Why would rational people choose this structure? Rawls appeals to a decision heuristic called maximin: when outcomes are deeply uncertain and the stakes are extremely high, a cautious chooser focuses on making the worst-case outcome as good as possible. Behind the Veil, you might end up at the very bottom of society, so you have reason to insist on a floor — a guaranteed minimum of liberty, opportunity, and material well-being. Note that Rawls uses maximin as a supporting argument for why rational choosers would favor the Difference Principle under uncertainty; it is a heuristic suited to the specific conditions of the Original Position, not a general decision procedure he endorses for all situations.
A classic challenge to Rawls comes from libertarian philosopher Robert Nozick, who argues that justice is about protecting freely made transactions, not redistributing outcomes. Rawls responds that we cannot call a distribution 'freely made' if it starts from morally arbitrary facts — like the family you were born into.
Key terms: Original Position (the hypothetical starting point), Veil of Ignorance (the condition of not knowing your own social identity), Fair Equality of Opportunity (genuine openness of positions regardless of background), Difference Principle (inequalities must benefit the least advantaged), Lexical Priority (the strict ranking — liberty first, then FEO, then DP), Maximin (the heuristic of protecting the worst-case outcome, which Rawls uses to support the Difference Principle in the Original Position).
Activity
Sort each proposed policy into 'Passes the Veil Test' or 'Fails the Veil Test' by deciding whether a rational person behind the Veil of Ignorance would agree to it — then rank the passing policies from most to least Rawlsian. Note: some policies may require you to state your reasoning, because the Rawlsian verdict depends on how well the policy satisfies Fair Equality of Opportunity before the Difference Principle is applied.
Practice
Design one social policy and argue whether a rational chooser behind the Veil of Ignorance would accept it.
Explain how Rawls would respond to Nozick's claim that justice only protects freely made transactions.
Common mistakes to avoid
Rawls demands strictly equal incomeThe Difference Principle permits inequalities, requiring only that they improve the position of the least advantaged.
Liberty can be traded for greater wealthLexical priority makes basic liberties first and non-negotiable, so they cannot be surrendered for any economic gain.
Check your understanding
A classmate says: 'Rawls just wants total equality — everyone should have exactly the same income.' Which response best corrects this misreading of Rawls?
Rawls ranks his principles in strict lexical order. What does this ordering mean for a policy that would increase overall wealth but require limiting free speech for a minority group?

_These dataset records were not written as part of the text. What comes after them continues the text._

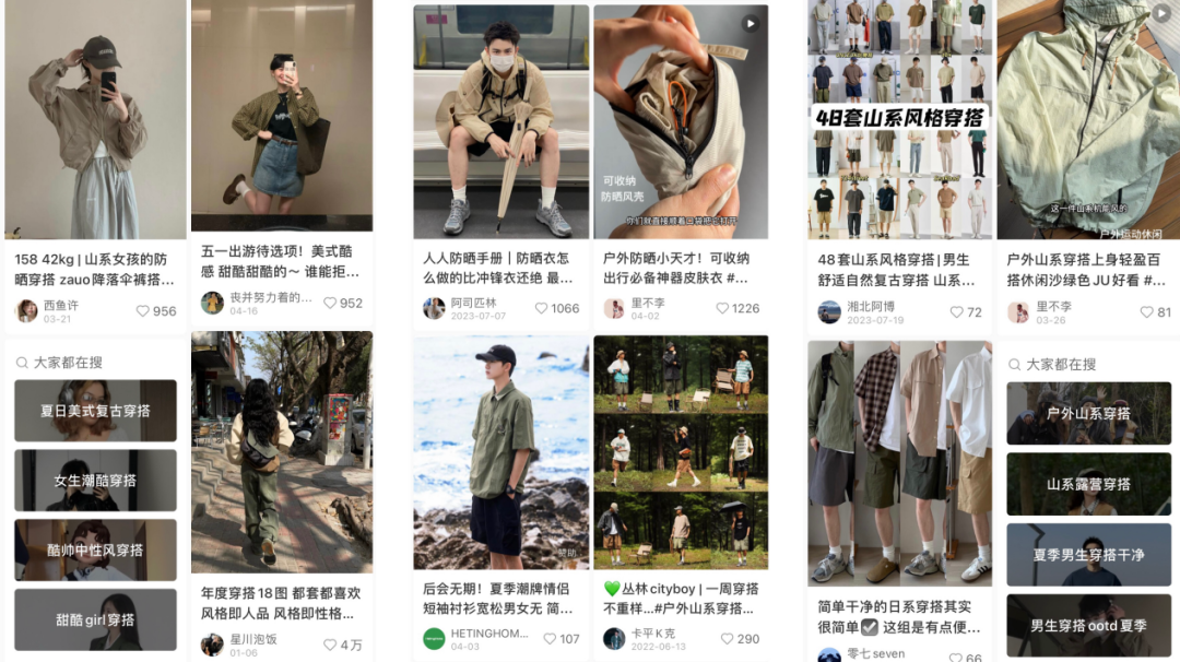 随着运动户外消费者购买心智日益成熟,不再局限于品牌和品类词,而是更偏好风格、场景等细分需求。其中,涌现出来一些非常小众、独特的风格,如潮酷、部落、山系风格快速增长。
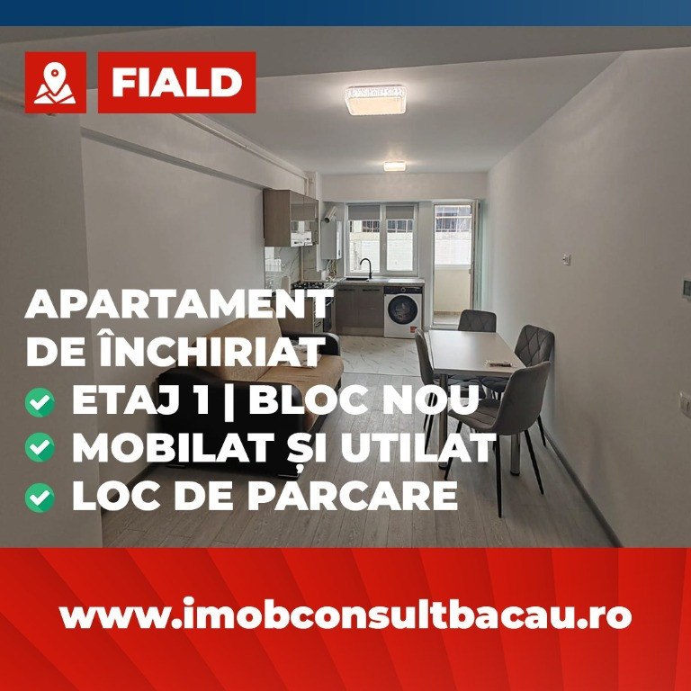 Fii tu primul chirias al acestui apartament modern situate in cartierul FIALD! Ești în căutarea unei locuințe moderne, luminoase și impecabil întreținute? Acest apartament este exact ce ai nevoie! Situat în prestigiosul cartier Fiald, într-un bloc nou, la etajul 1, acest spațiu este disponibil pentru primul chiriaș – totul este nou, curat și pregătit pentru mutare imediată. Dotări și avantaje: - Etajul 1; - Bucătărie complet utilată – cuptor electric modern, plită, hotă și mobilier nou; - Aer condiționat – pentru confort total în sezonul cald; - Loc de parcare privat în fața blocului – inclus în preț; - Amenajări premium – finisaje de calitate, design contemporan, atmosferă aerisită și luminoasă. Zona este una liniștită, dar cu acces facil către punctele de interes din oraș – ideală pentru cei care vor să combine confortul cu eficiența. Se închiriază pe termen lung. Pentru detalii și programări la vizionare: - Corina: 0740 288 297; - Lacramioara: 0758 262 533, sau la sediul agenției noastre, Imob Consult Bacau, situat pe strada Banca Națională nr. 27 la intersecția cu Str. Neagoe Vodă, langa Irish Pub.
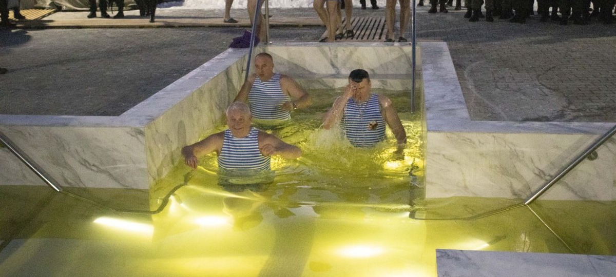 68‑летний председатель Брестского облисполкома Петр Пархомчик отметил Крещение вместе с десантниками 38‑й отдельной гвардейской десантно-штурмовой бригады. Окунаясь в купели с подсветкой, он забыл в какую сторону креститься. Видео с этим моментом набирают просмотры в соцсетях. Некоторые комментаторы поддерживают Пархомчика, а другие называют сам процесс показухой.
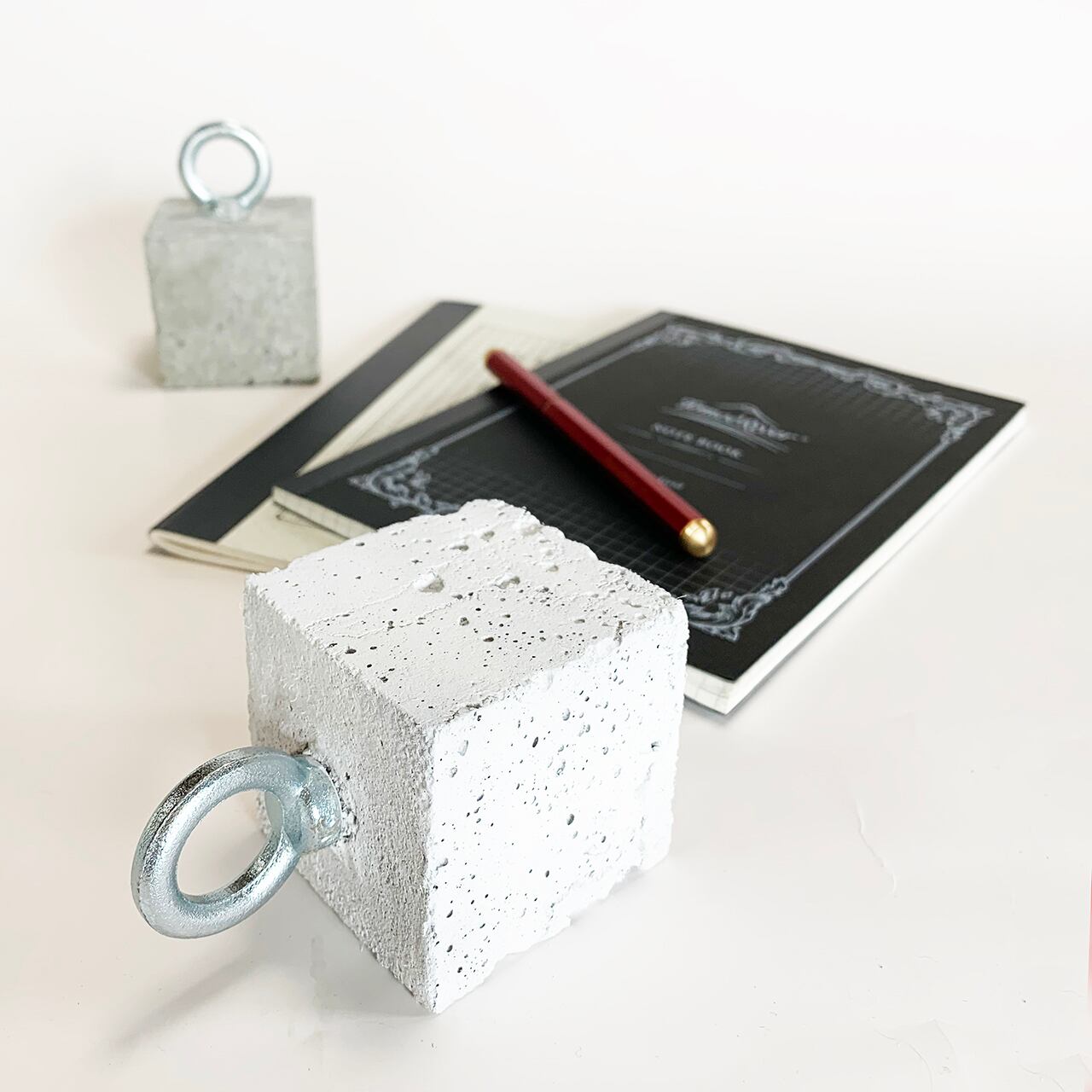 可愛い、ちょっと間抜けな、お洒落なオブジェ。セメント製の立方体に金具付きウエイトです、2個1組。適度な重さも程よく、テーブルの上のアクセントにGOOD! 店舗のディスプレイ、展示会の備品等でよく使われています、その場の雰囲気を和ませてくれるデザインです。※作家モノ・ハンドメイド商品のため、個体差、多少の汚れ、傷等がみられる場合があります、ご理解の程よろしくお願いします。
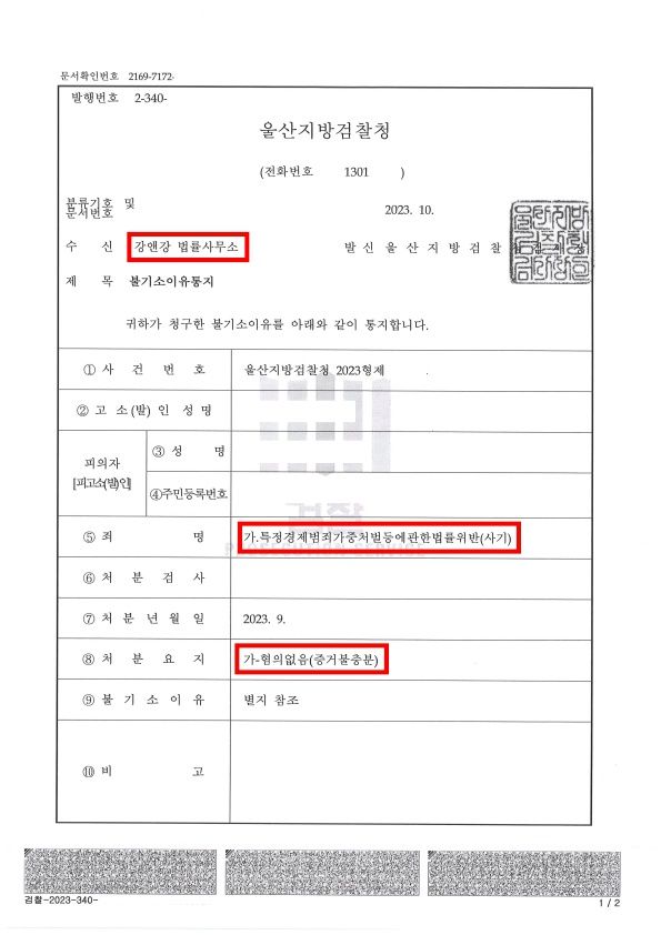 이에 울산지방검찰청에서는 저희 의견을 받아들여 피의자들에게 불기소(혐의없음)처분을 내렸습니다.
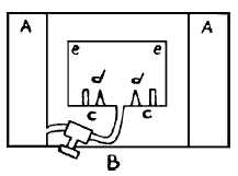 Ворвань вливается в кольцеобразный сосуд А. Масло переходит оттуда через трубку В и расходится по поверхности плиты С, ограниченной бортами, dd – выступы, служащие проводниками тепла; ее – оловянный дымоход для огня с отверстиями в основании его.
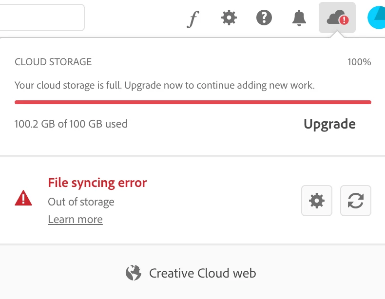 I have therefore moved a ton of Creative Cloud Files to my Dropbox where I know I have room. However, the Cloud storage warning has not changed, and I am still gettting syncing errors this morning (see screenshot). When I go here https://assets.adobe.com/files I see it still thinks some of the files are there. I hoped it would resolve the sync overnight but I am still out of luck.
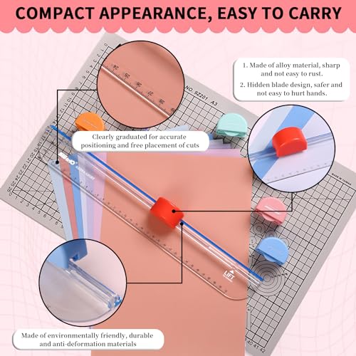 【Efficient to Cut】Paper cutter for cutting A3, A4, A5 paper, scrapbook, pvc photos, photos, cards, films (within 1mm), etc. You can cut up to 6 sheets A4 paper at once, please use them with a cutting mats(not included).The transparent ruler comes with clear length scales to help you cut accurately.
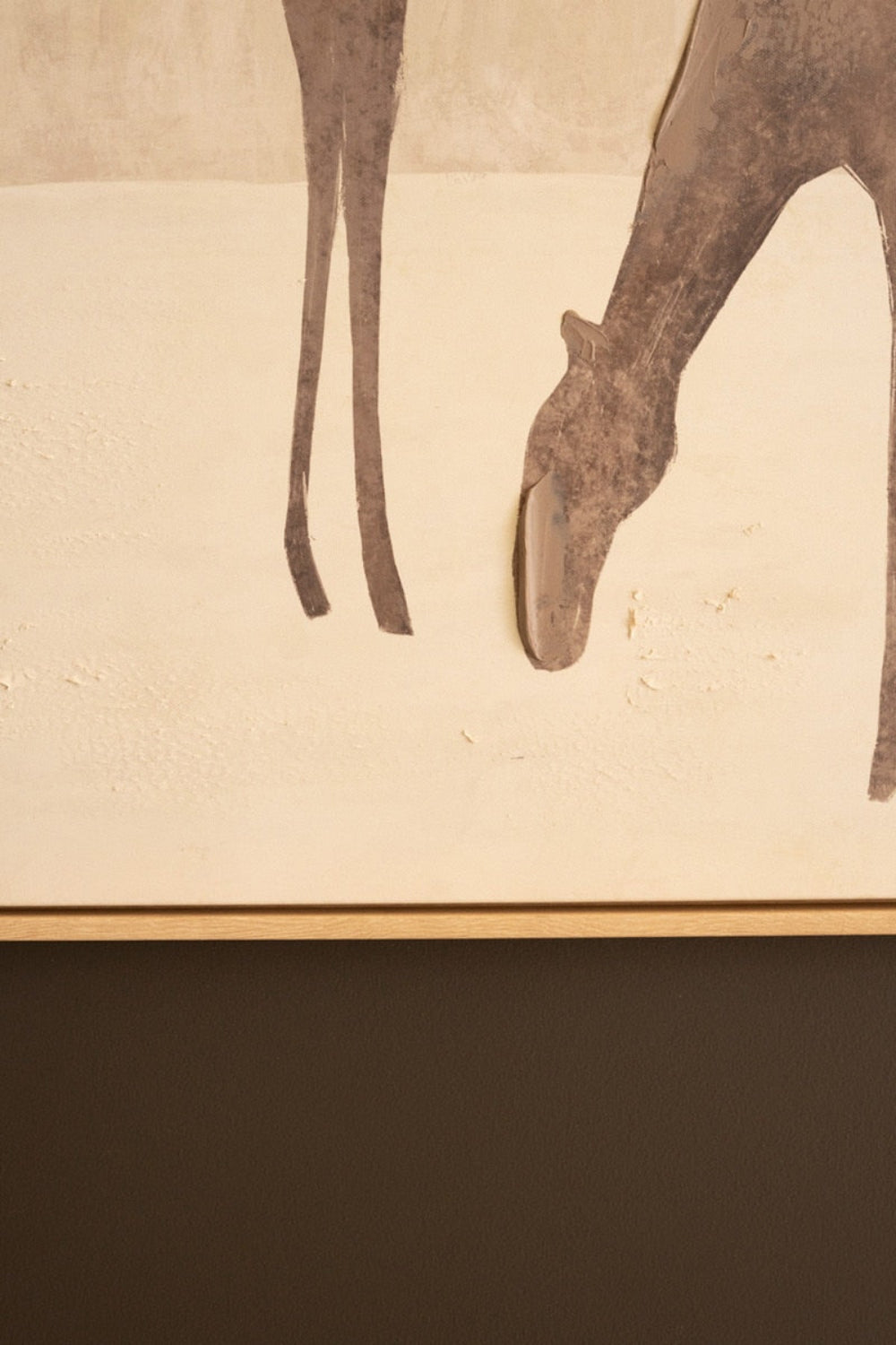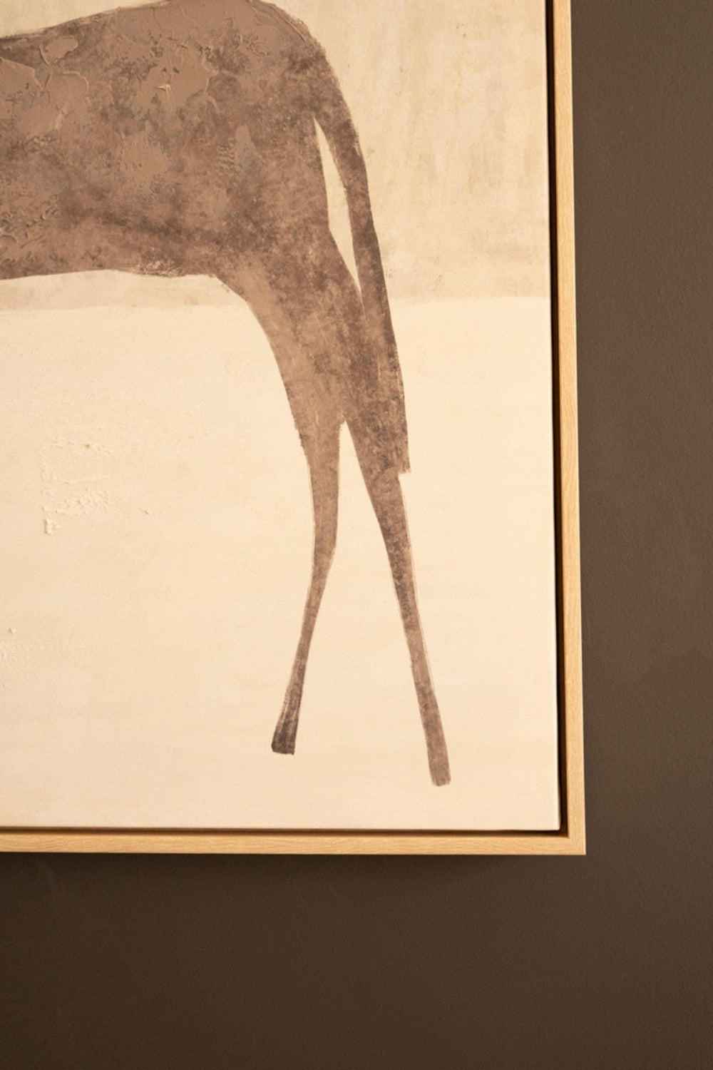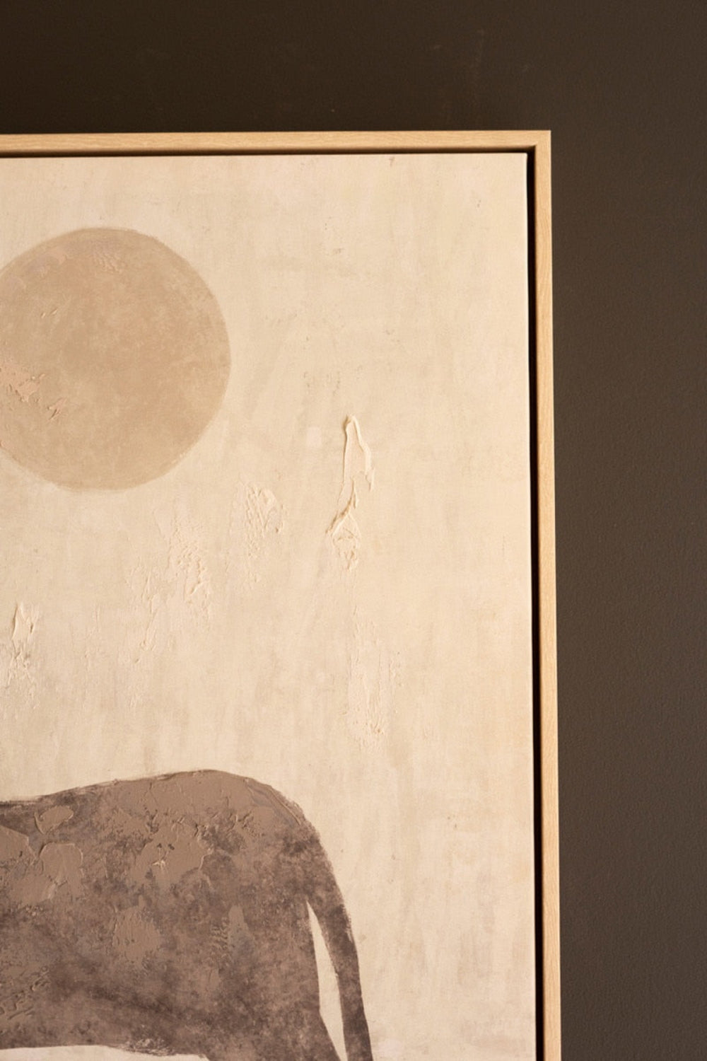 The Framed Painting Two Horses with Sun adds warmth and character to your wall décor through bold imagery and balanced composition. Featuring two horses set against a radiant sun, this artwork brings movement and natural beauty into your space. The wide horizontal layout works well above sofas, sideboards, or beds, while the framed construction provides a finished, gallery-inspired look. Measuring approximately 43" W x 2" D x 31.5" H, this piece fills larger wall areas with ease and pairs beautifully with western, rustic, farmhouse, and modern interiors. Designed for indoor decorative use by Kalalou.
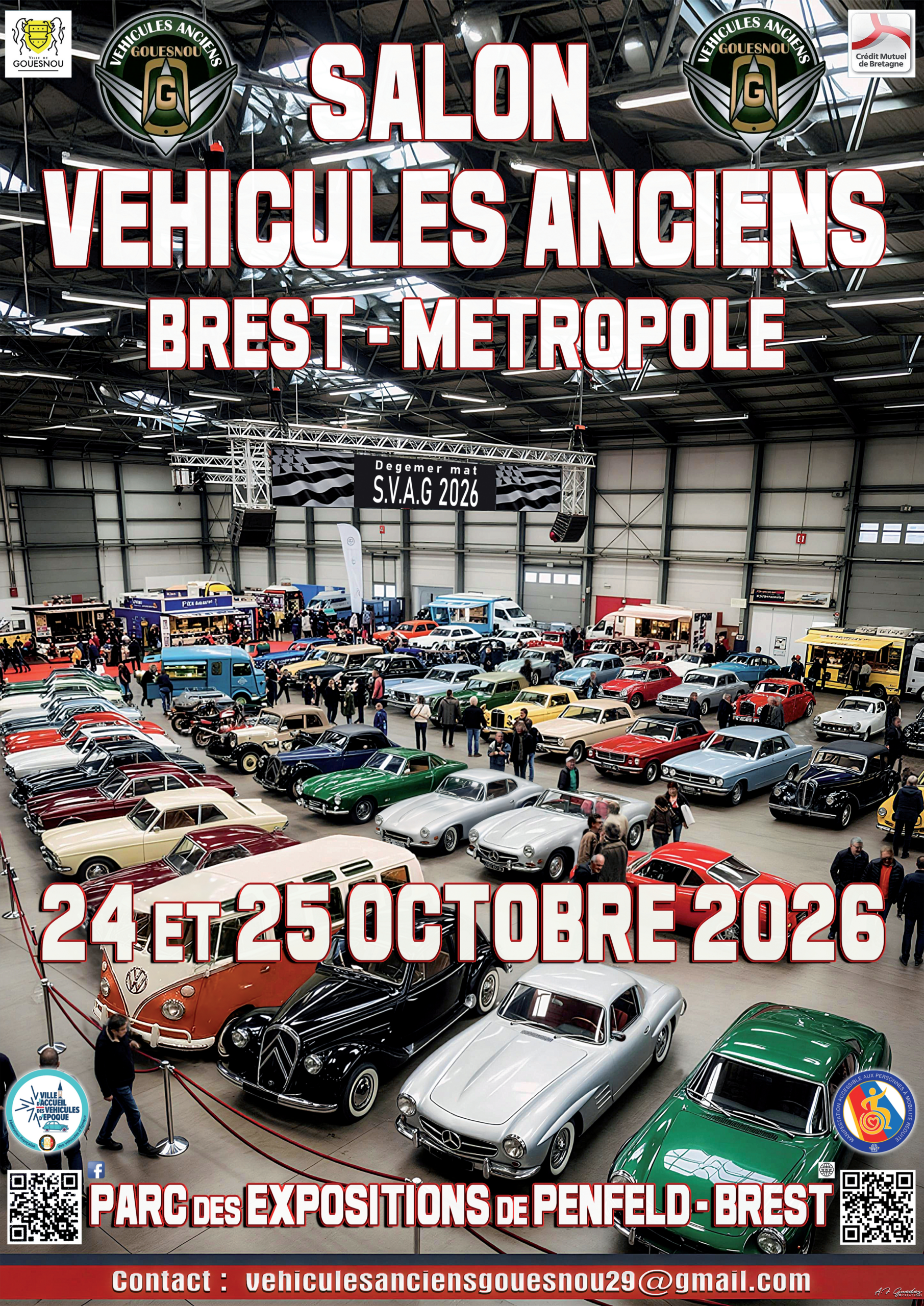 Salon Véhicules Anciens Gouesnou au Parc des Expositions de Penfeld à Brest les 24 et 25 octobre 2026. Stands clubs voitures anciennes Youngtimer’s et américaines locaux, régionaux et nationaux Bourse d’échange Stands exposants vintage, brocante garage Concerts Exposition poids lourds vintage et véhicules militaires Show pin up Tombola Zone Artistes avec Stand bandes dessinées, illustrateurs, […]

A new law gives large tax breaks to corporations with the stated goal that corporate profits will eventually raise wages for all workers. Applying Rawls's Difference Principle, what question must be answered before this policy can be called just?
Recap
Rawls argues that rational people choosing behind a Veil of Ignorance would adopt lexically ordered principles — equal liberty first, then fair equality of opportunity, then a Difference Principle allowing only inequalities that benefit the least advantaged — making impartiality, not equal outcomes, the heart of justice as fairness.
Reflect
If you did not know your place in society, which rule would you most insist upon?